--- Material for this exercise Enclosed Below ---

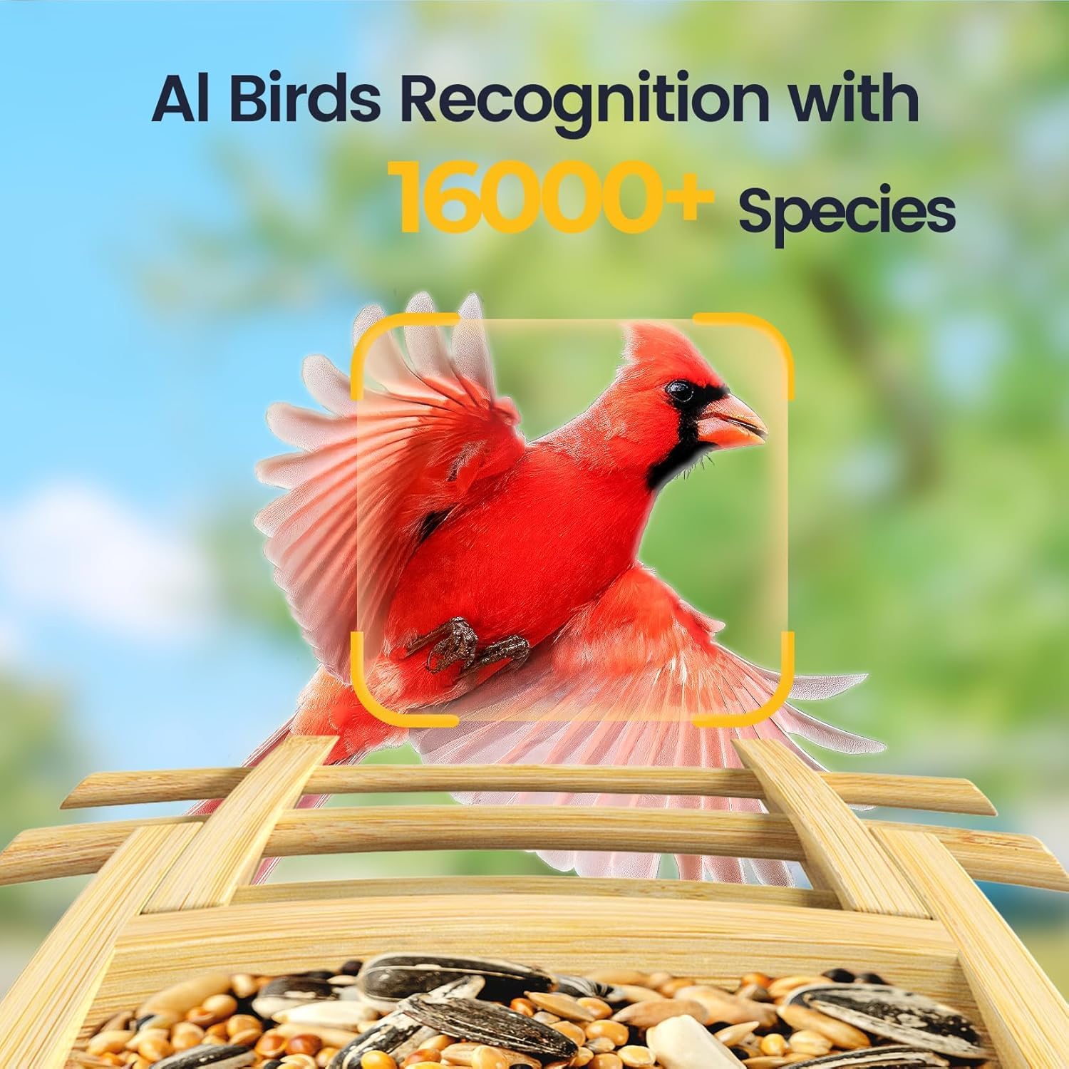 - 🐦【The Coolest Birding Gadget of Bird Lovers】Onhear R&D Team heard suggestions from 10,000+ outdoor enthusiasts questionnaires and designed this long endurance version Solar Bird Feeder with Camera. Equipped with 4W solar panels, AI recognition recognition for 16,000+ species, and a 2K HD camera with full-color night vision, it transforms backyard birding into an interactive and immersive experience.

--- End of Enclosed Material for this exercise ---
--- Material for this exercise Enclosed Below ---

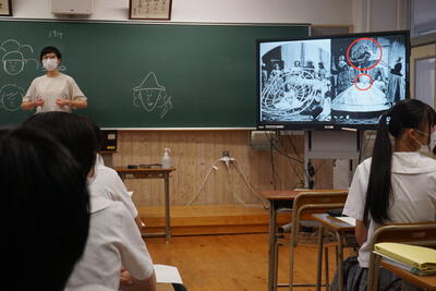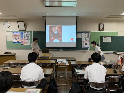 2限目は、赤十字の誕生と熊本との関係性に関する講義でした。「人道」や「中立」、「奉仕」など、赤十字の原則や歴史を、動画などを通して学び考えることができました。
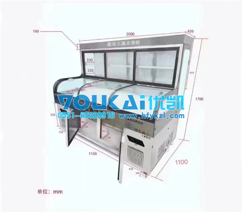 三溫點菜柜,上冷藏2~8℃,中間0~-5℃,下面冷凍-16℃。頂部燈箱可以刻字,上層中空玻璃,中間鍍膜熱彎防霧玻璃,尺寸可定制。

--- End of Enclosed Material for this exercise ---

» **Work instructions**
Your reply is to be an exact repeat of the listing above from the line holding "2限目は、赤十字の誕生と熊本" down to the line holding "三溫點菜柜,上冷藏2~8℃,中間0~-5", ends included, pictures excluded.

» **The completed task**
 2限目は、赤十字の誕生と熊本との関係性に関する講義でした。「人道」や「中立」、「奉仕」など、赤十字の原則や歴史を、動画などを通して学び考えることができました。
 三溫點菜柜,上冷藏2~8℃,中間0~-5℃,下面冷凍-16℃。頂部燈箱可以刻字,上層中空玻璃,中間鍍膜熱彎防霧玻璃,尺寸可定制。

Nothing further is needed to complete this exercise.